Title:Spectrometric, Thermodynamic, pH Metric and Viscometric Studies on the Binding of TEALS as Surfactant with Albumin as Biopolymer
VOLUME: 10 ISSUE: 1
Author(s):Shveta Acharya and Arun Kumar Sharma*
Affiliation:Department of Chemistry, Govt. College, Kota-324001, Rajasthan, Department of Chemistry, Govt. P.G. College, Jhalawar- 326001, Rajasthan
Keywords:Egg-protein, equilibrium dialysis, gibbs free energy, scatchard plots, surfactants, TEALS,
albumin, biopolymer.
Abstract:
Background: Since the interactions of small anions with protein are very important
in their transportation and distribution processes in biological systems, it is helpful
to study these interactions to understand the nature of the transportation and distribution
processes. Therefore, it is aimed to study the interaction of albumin with surfactant molecule
by different physical methods.
Objective: Present work attempts to work on assessing the structure, characterization of the
surfactants as TEALS (tri-ethanalamine lauryl sulphate) binding sites, with albumin involved
in various process of living being are discussed.

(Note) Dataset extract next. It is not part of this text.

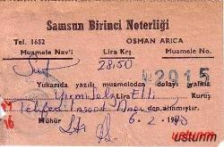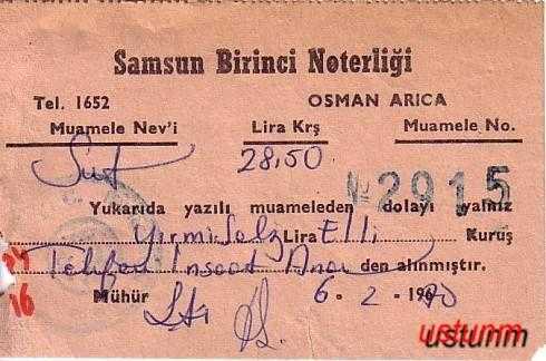 ** SAMSUN BİRİNCİ NOTERLİĞİ MAKBUZU ** 28 lira 50 kuruşluk noter makbuzudur...

Methods: The binding of surfactant TEALS to egg protein has been studied at different pH
values and temperatures by spectrophotometric and equilibrium dialysis methods. The
binding data were found to be pH and temperature dependent. The binding data studied by
the absorbance method, were found approximately identical with those obtained from the
equilibrium dialysis method.
Results: The association constants and the number of binding sites were calculated from
Scatchard plots and found to be at maximum at lower pH and at lower temperature. The
free energy of the combining sites was lowest at higher pH and highest at low pH. Therefore,
a lower temperature and a lower pH offered more sites in the protein molecule for interaction
with surfactant. The ΔG (free energies of aggregation) associated with the binding
interaction of the surfactants and protein were calculated. The negative values of the
ΔG confirm the feasibility of interaction between the surfactant and protein. All the observations
recorded in this paper indicate that the TEALS has a good affinity of binding with
egg protein and the number of binding sites is dependent on various physical and chemical
factors.
Conclusion: On the basis of the results of the experiments which were conducted to examine
the interaction between anionic surfactant and protein by measuring the various parameters
of the solutions, it is concluded that the interaction of surfactant and protein gives an
idea of fundamental understanding of the structure of surfactant-protein complex and their
practical applications in every field.